Reports are generated post-graph with three output formats: JUnit XML (CI integration), structured JSON (programmatic consumption), and HTML (human review with trace deep links).
- Describe -- Provide a URL and a natural language test specification
- Plan -- The Planner agent navigates the target app, probes the DOM accessibility tree, and builds a step-by-step test plan with semantic locators
- Generate -- The Executor agent converts the plan into a deterministic Playwright TypeScript test file
- Validate -- The Evaluator agent runs the test with OTel trace injection and asserts backend behavior via Tracetest
- Heal -- If locators break on subsequent runs, the Healer agent automatically reconstructs them from fresh accessibility snapshots
- Report -- Results are written as JUnit XML, JSON, and HTML; failures auto-create Jira tickets with root-cause analysis
- Python 3.11+
- Node.js 18+ (Playwright runtime)
- Docker (Testcontainers)
- Anthropic API key
# Install
git clone https://github.com/damir-topic/auto-qa-workbench.git
cd auto-qa-workbench
uv venv && source .venv/bin/activate
uv pip install -e .
cp .env.example .env
# Add your ANTHROPIC_API_KEY to .env
# Install Playwright browsers
npx playwright install chromium
# Generate a test
auto-qa run --url https://example.com --spec "Verify the page has a heading"
# Run the generated test
npx playwright test generated/specs/src/
cli/ # Typer CLI entry point
config/ # Pydantic settings
graph/ # LangGraph agents (supervisor, planner, executor, healer, evaluator)

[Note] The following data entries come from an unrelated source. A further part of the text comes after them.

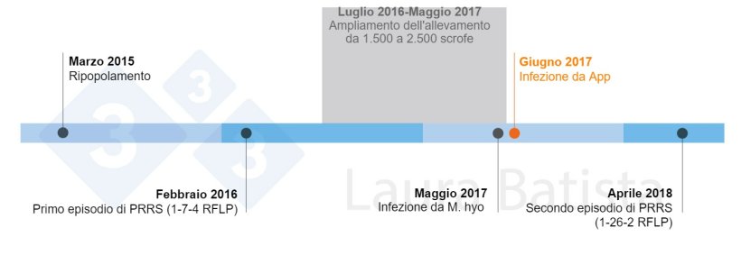Le future scrofette da rimonta, circa lotti di 60 scrofette ogni 3 settimane, venivano trasferite dal capannone di rimonta interno, mentre il resto dei suinetti veniva trasportato ogni settimana ai siti 2 e 3 esterni dello stesso sistema di produzione. Undici mesi dopo aver riempito l'allevamento, questo si è infettato col virus PRRS ceppo 1-7-4 RFLP. L'allevamento è stato stabilizzato con una singola inoculazione di virus vivo omologo a tutti gli animali riproduttori e da rimonta. Cinque mesi dopo, a causa della maggiore capacità dell'allevamento, il censimento è stato aumentato con animali da rimonta interni fino a un totale di 2.500 scrofe. Questa iniziativa ha comportato una distribuzione della parità (N° di parto) a "sinistra" (con un censimento più giovane) e di conseguenza le scrofette da rimonta interna avevano un'immunità meno robusta.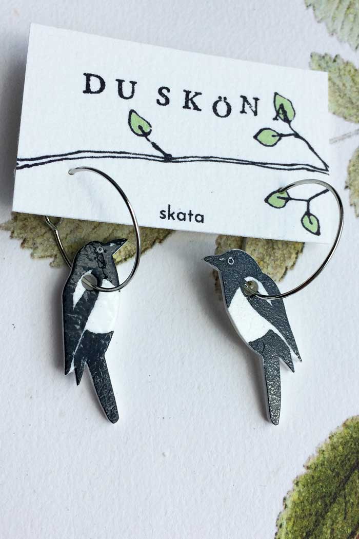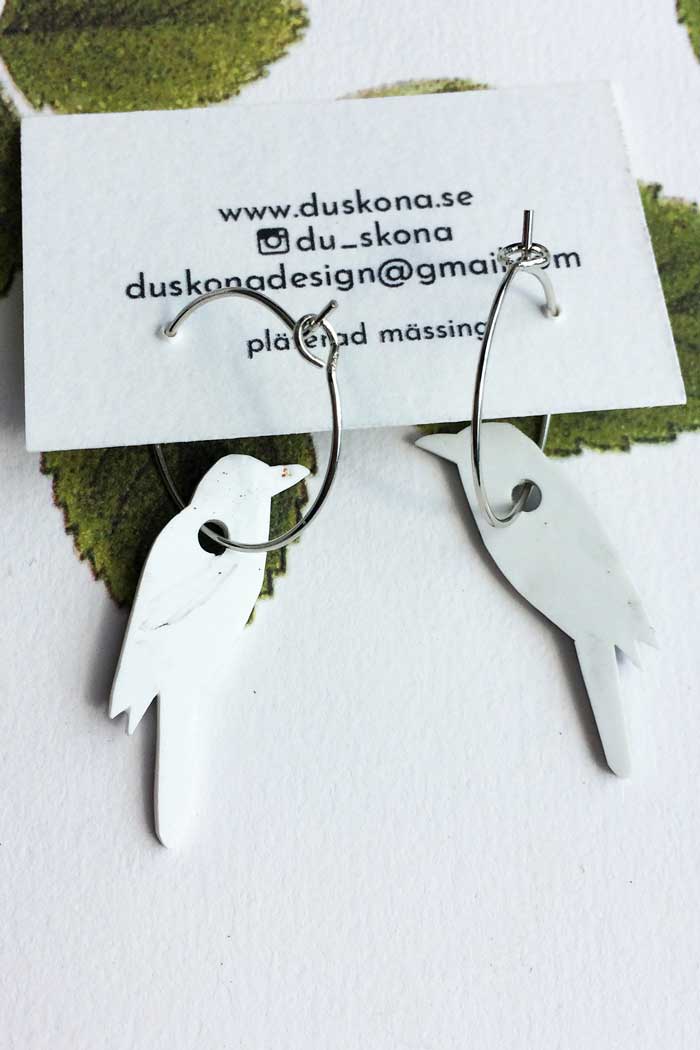 DU SKÖNA är ett Malmöbaserat designmärke med hjärtat i Värmland där Anna designar alla smycken och tillverkar dom förhand av olika återbrukade material, mässing och krympplast med djur- och växtillustrationer.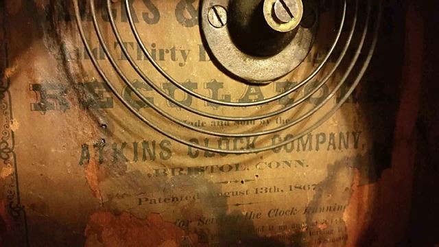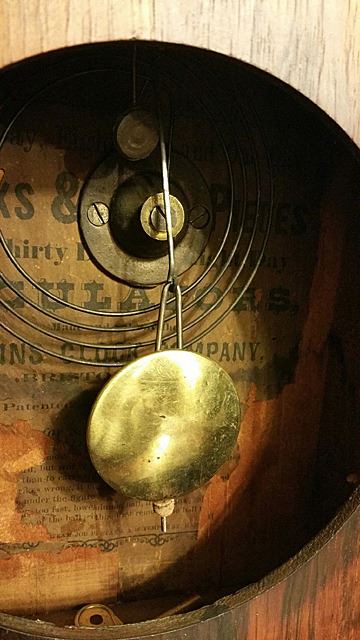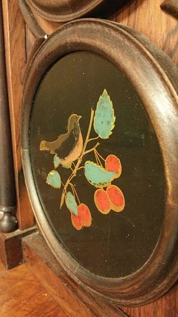 Atkins Clock Company, Bristol, CT Figure 8 Shelf Clock, rosewood with bird on cherry tree branch on lower glass, measures approx. 10" x 16 1/2".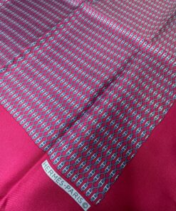 Bellissimo Foulard di Hermès, in seta rossa e a fantasia geometrica.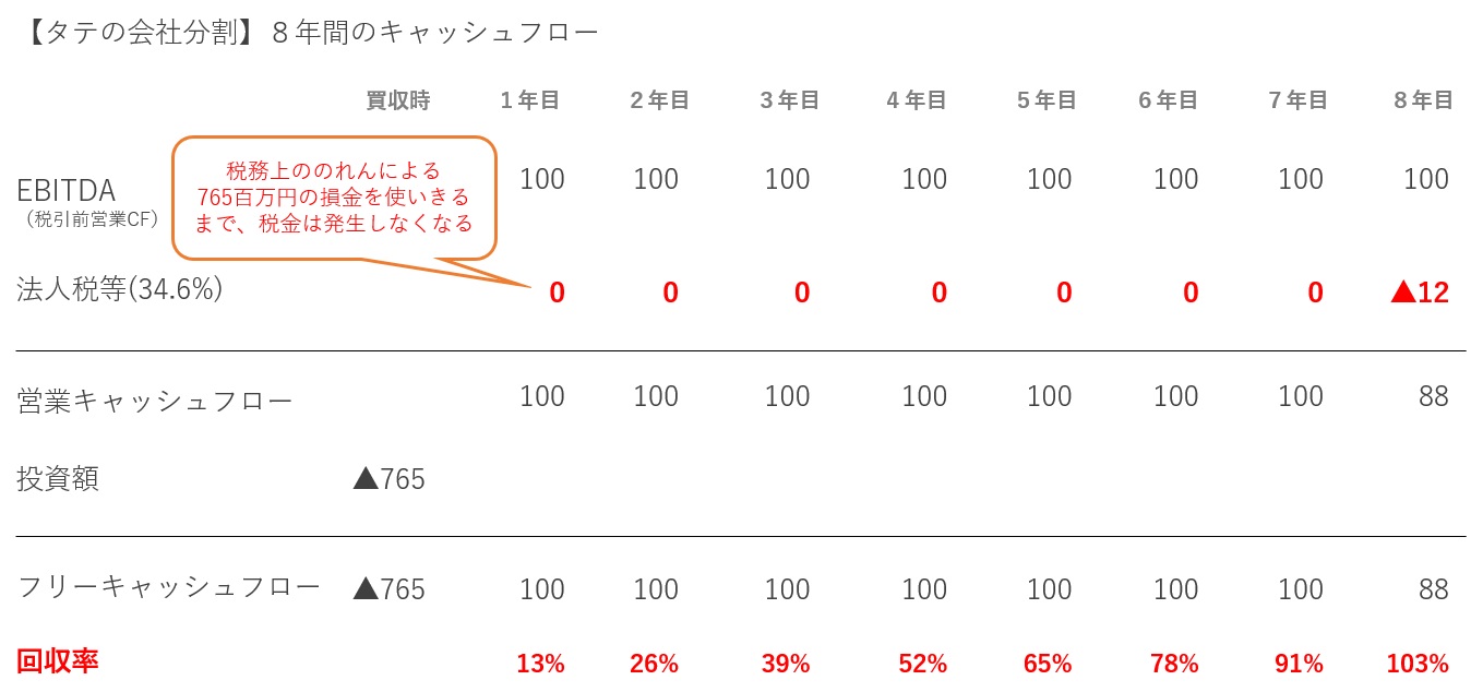 なお、この会社(事業)をタテの会社分割で買収した場合、単純な株式譲渡と同じ負担感になるのは、765百万円(1.53倍!)です。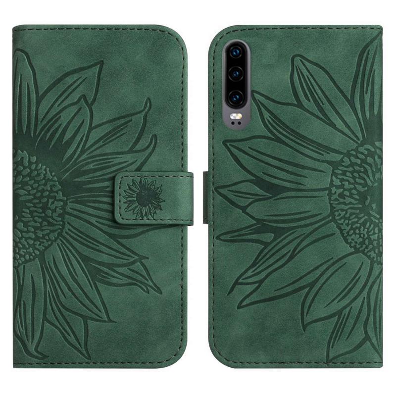 Θήκη τηλεφώνου Huawei P30 με αίσθηση δέρματος, σχέδιο ηλίανθου, τύπου flip με λουρί (πράσινο)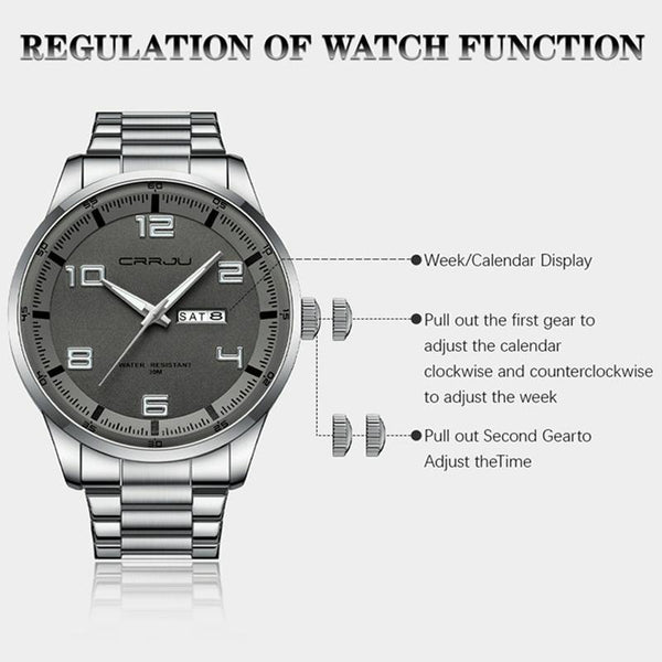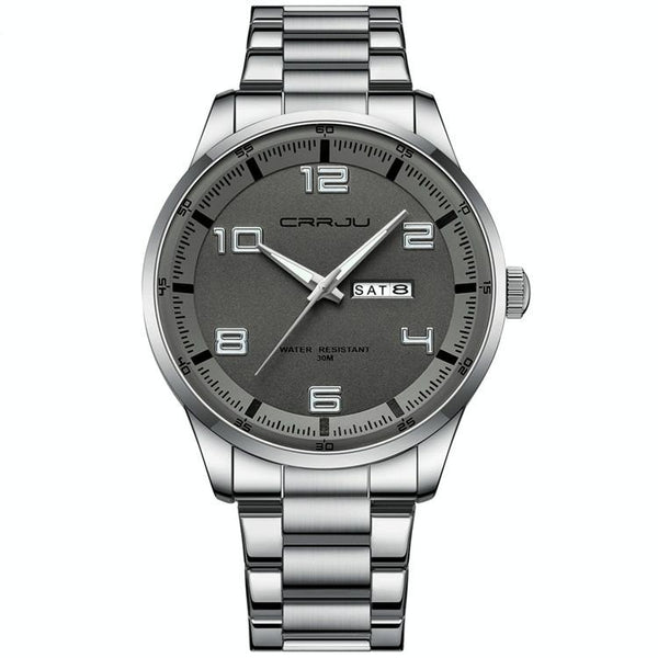 CRRJU 5005 Men Steel Strap Watch Simple Business Personalized Waterproof Watch With Calendar Display(Silver)
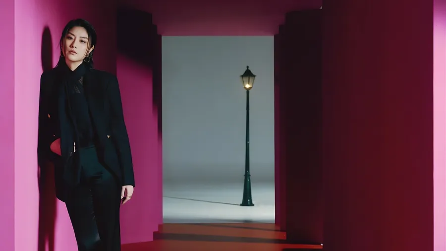 Kelly Chen Posa Con Confianza En Un Elegante Traje Negro Contra Un Vibrante Fondo Rosa Y Gris Con Una Farola A Lo Lejos.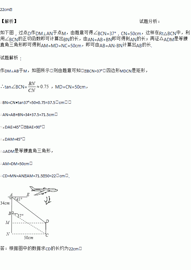 某飞机模型的机翼形状如图所示,其中AB∥DC,∠BAE=90°,根据图中的数据求CD的长?(精确到1cm)(参考数据:sin37°≈0.60,cos37°≈0.80,tan37°≈0.75)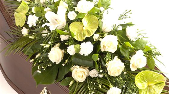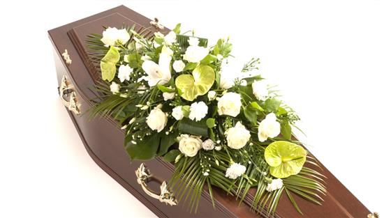 For this woodland coffin spray we mixed luxurious cream roses and lisianthus with white oriental lilies and green anthurium. Delicate September flower and carnations add detail along with pretty ferns and palm leaves.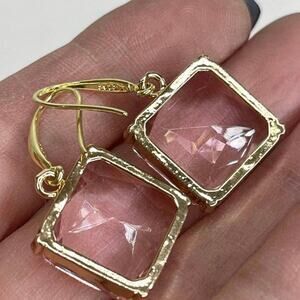 NEW Earrings 1.5" Pink Faceted Glass Paperclip Dangle Drop Trendy Jewelry AU24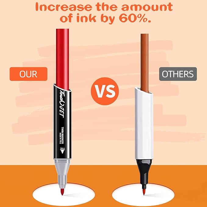 - 【DISTINCTIVE DOUBLE HEAD CONFIGURATIONS】: The square barrel design of the markers pen ensures a stable grip and no slipping during usage. It features a dual nibs design, consisting of a thick chisel and a fine tip, providing versatility. The fine tip alcohol markers are ideal for detailed marking in calligraphy, while the wide chisel tip is suitable for large area application. With two distinct nibs and a matching design, seamless color blending is achievable, enhancing the coloring efficiency.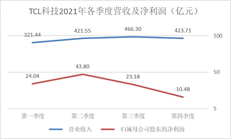 结合2021年三季报数据,以TCL科技业绩预告数据的中值计算,第四季度公司实现营收约423.71亿元,实现净利润10.48亿元。在营收环比未出现较大变化的前提下,公司连续两个季度净利润接近腰斩。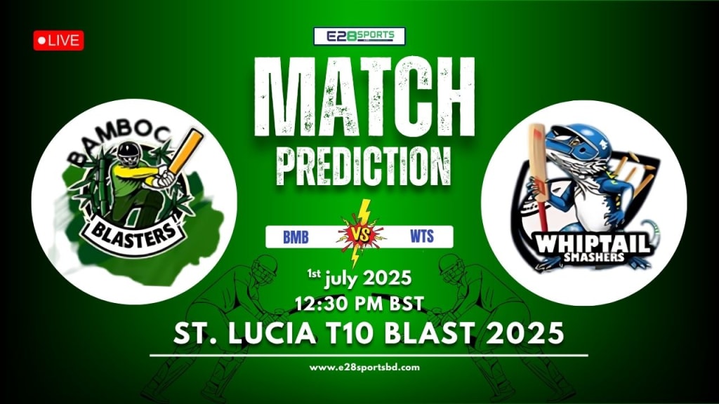 The 14th T10 match of the tournament brings together two competitive sides Bamboo Blasters vs Whiptail Smashers. As fans prepare for another exciting clash, both teams aim to make a strong statement on the field. While Whiptail Smashers have shown glimpses of brilliance, Bamboo Blasters appear to be the stronger team heading into this encounter.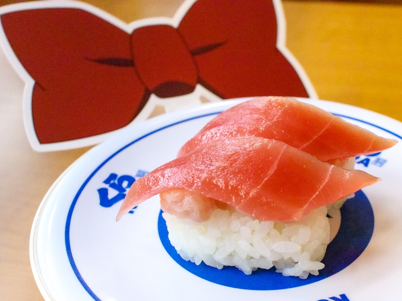 「江戸川コナンのトリックまぐろ」(税込300円)は、一見ふつうのまぐろ2貫に見えるのですが、熟成まぐろの下にねぎまぐろが隠れている“二重構造”寿司です。コナンの赤い蝶ネクタイをイメージした変声機ピック付きで、見た目のテンションも上がります。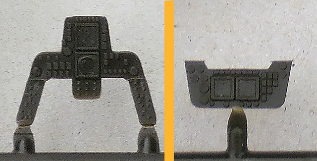 Auch das Cockpitinnere, das durch die großen Glasflächen und geöffnet darstellbaren Einstiegsluken gut einsehbar ist, steht auf der Minusseite der Bilanz. Detaillierung ist in diesem Bereich Fehlanzeige, kahle Seiten- und Rückwände sowie eine nur rudimentär und nicht vorbildgetreu nachgebildete Instrumentierung auf Armaturenbrettern und Seitenkonsolen bestimmen das Bild. Pilotensitze und Steuerelemente sind ebenfalls sehr einfach gehalten, haben mit dem Vorbild lediglich den Namen gemeinsam und verbessern somit den Gesamteindruck im Cockpit keineswegs.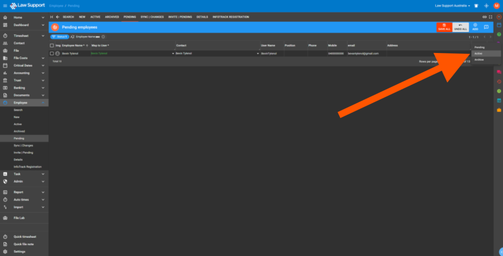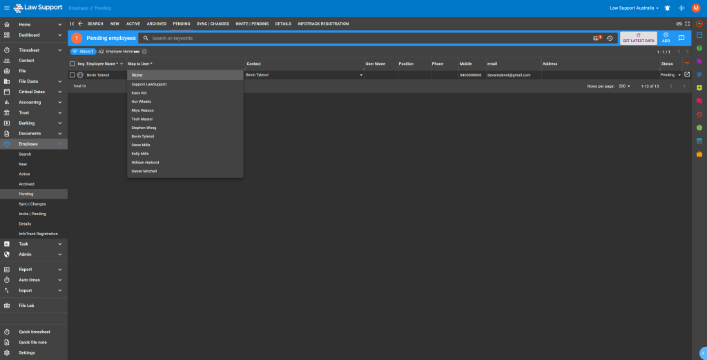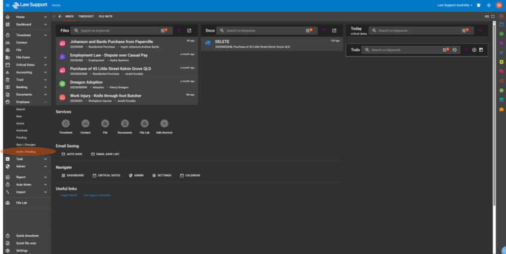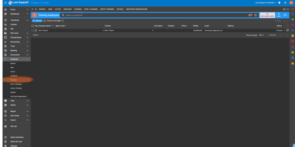 Once the person has completed the previous steps and created a Law App user you can then connect the them to your firm. To do this in the same Employee section go to “Pending”

mcp/ # Playwright MCP client
infra/ # Testcontainers (OTel Collector, Jaeger, Tracetest)
tracetest/ # Tracetest API client
jira/ # Jira REST API integration
genai/ # GenAI semantic convention support
codegen/ # Playwright code generation and validation
reporting/ # JUnit XML, JSON, HTML report generation
All settings are managed via environment variables. See .env.example for the full list of available options, or check src/config/settings.py for detailed field documentation.
| Variable | Required | Default | Description |
|---|---|---|---|
ANTHROPIC_API_KEY |
Yes | -- | Anthropic API key for Claude |
MODEL_NAME |
No | claude-sonnet-4-5-20250929 |
Model to use for agents |
MAX_RETRIES |
No | 3 |
Max retry attempts per agent |
TOKEN_BUDGET |
No | 150000 |
Token budget per run |
OUTPUT_DIR |
No | generated/specs |
Output directory for specs |
HEADLESS |
No | false |
Run browser in headless mode |
Jira integration is disabled by default. See .env.example for Jira configuration variables.
Each run produces a Playwright test file in generated/specs/:
// generated/specs/verify-login-page.spec.ts
import { test, expect } from '@playwright/test';
test('Verify login page has username and password fields', async ({ page }) => {
await page.goto('https://example.com/login');
await expect(page.getByRole('textbox', { name: 'Username' })).toBeVisible();
await expect(page.getByRole('textbox', { name: 'Password' })).toBeVisible();
await expect(page.getByRole('button', { name: 'Sign in' })).toBeEnabled();
});Tests use accessibility-driven locators exclusively -- no CSS selectors or XPath.
Apache 2.0 -- see LICENSE for details.
See CONTRIBUTING.md for development setup and guidelines.